## WHAT YOU WILL DO:
Copy the first line of the entries below and every line after it through the line containing "Rood met gouden". Do not include pictures.

## EXTRACTED RECORDS:
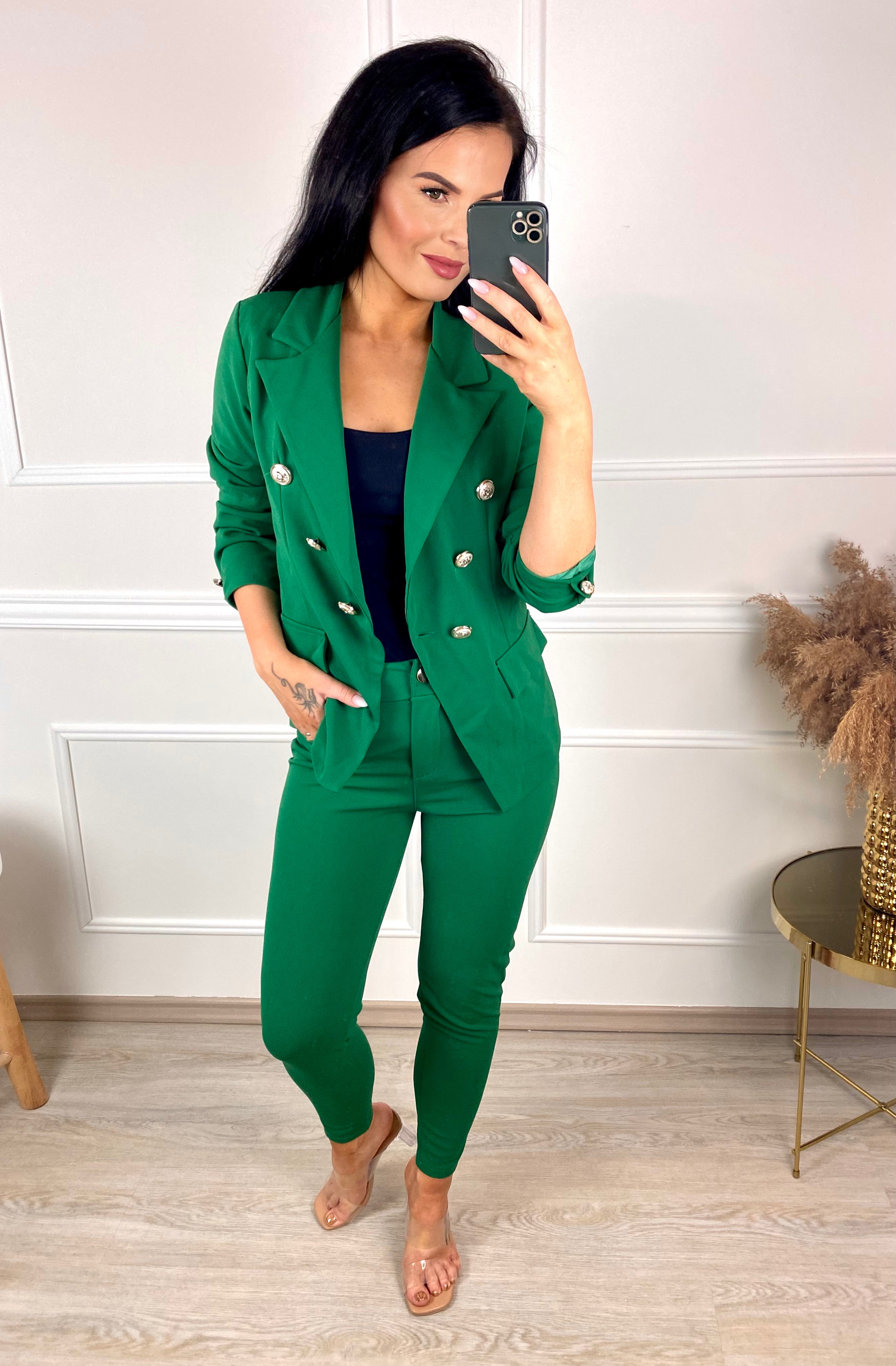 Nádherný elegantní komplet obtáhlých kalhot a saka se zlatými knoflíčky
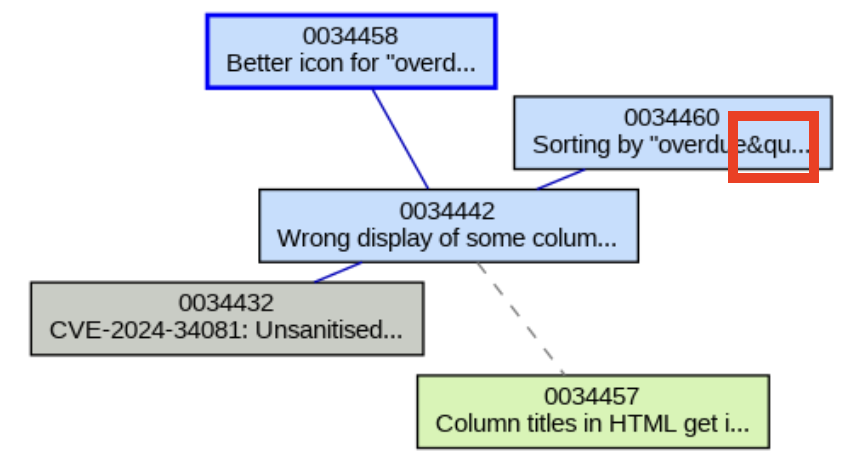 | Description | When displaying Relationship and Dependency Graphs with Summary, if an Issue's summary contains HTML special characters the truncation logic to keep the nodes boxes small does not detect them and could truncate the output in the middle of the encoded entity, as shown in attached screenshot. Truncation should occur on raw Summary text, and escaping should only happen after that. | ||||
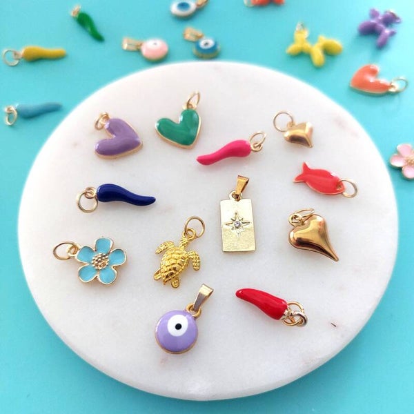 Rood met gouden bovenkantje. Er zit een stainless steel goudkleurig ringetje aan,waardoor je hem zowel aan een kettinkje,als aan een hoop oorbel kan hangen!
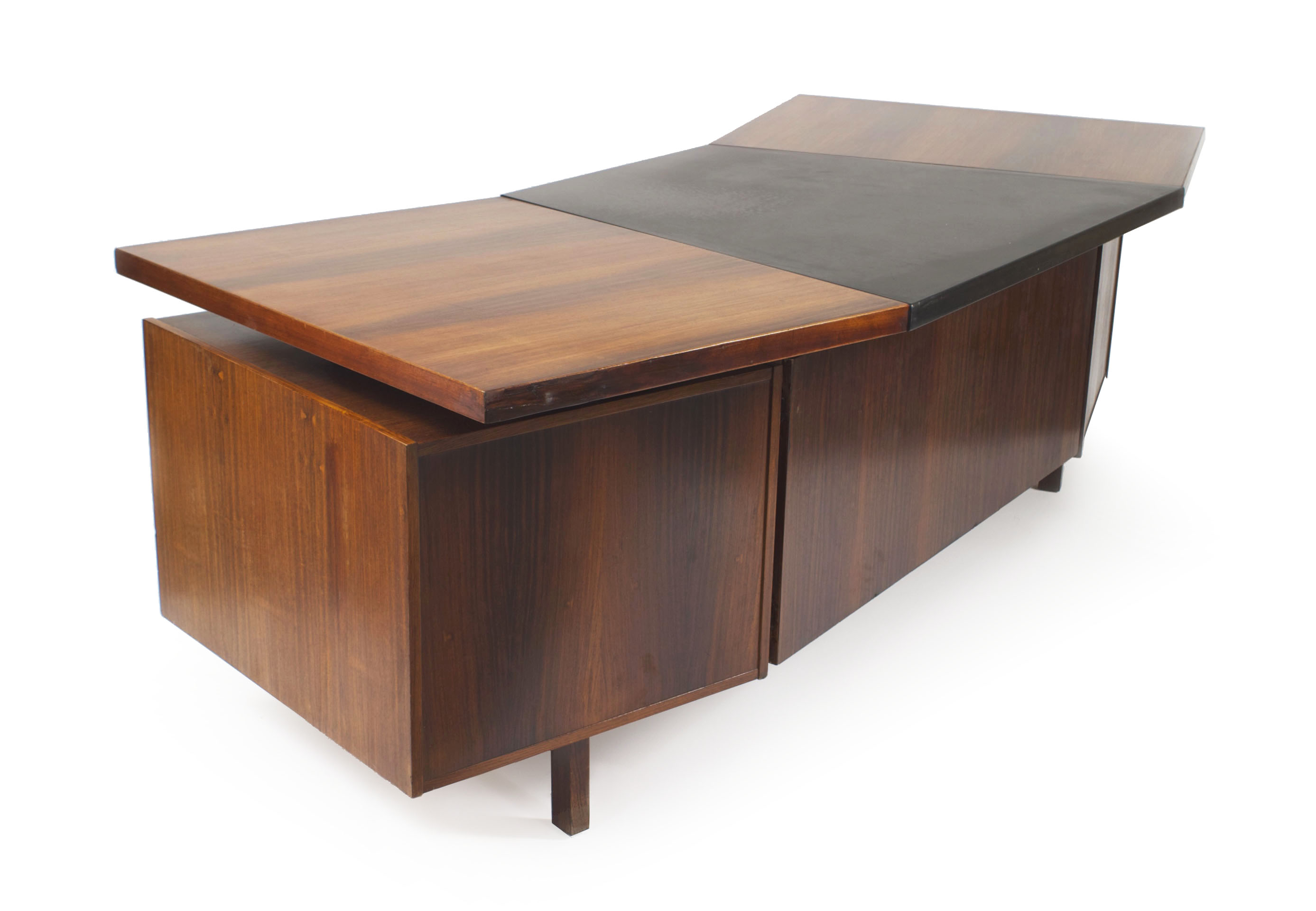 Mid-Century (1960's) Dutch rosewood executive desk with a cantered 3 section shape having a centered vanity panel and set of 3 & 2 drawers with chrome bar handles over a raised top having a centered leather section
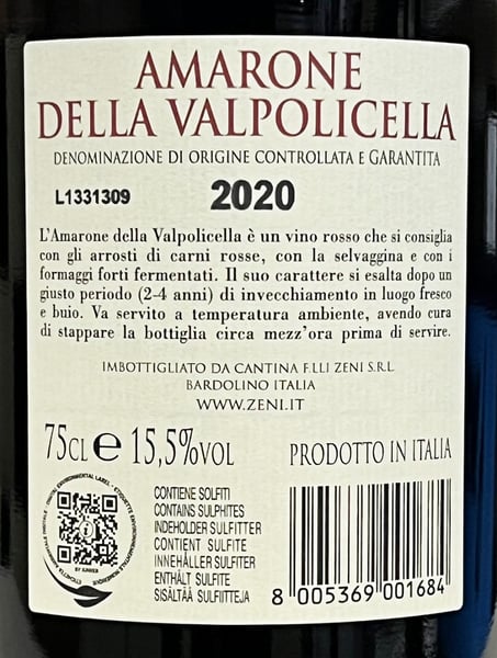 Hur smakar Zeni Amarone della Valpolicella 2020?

## WRITTEN RESPONSE:
 Nádherný elegantní komplet obtáhlých kalhot a saka se zlatými knoflíčky
 | Description | When displaying Relationship and Dependency Graphs with Summary, if an Issue's summary contains HTML special characters the truncation logic to keep the nodes boxes small does not detect them and could truncate the output in the middle of the encoded entity, as shown in attached screenshot. Truncation should occur on raw Summary text, and escaping should only happen after that. | ||||
 Rood met gouden bovenkantje. Er zit een stainless steel goudkleurig ringetje aan,waardoor je hem zowel aan een kettinkje,als aan een hoop oorbel kan hangen!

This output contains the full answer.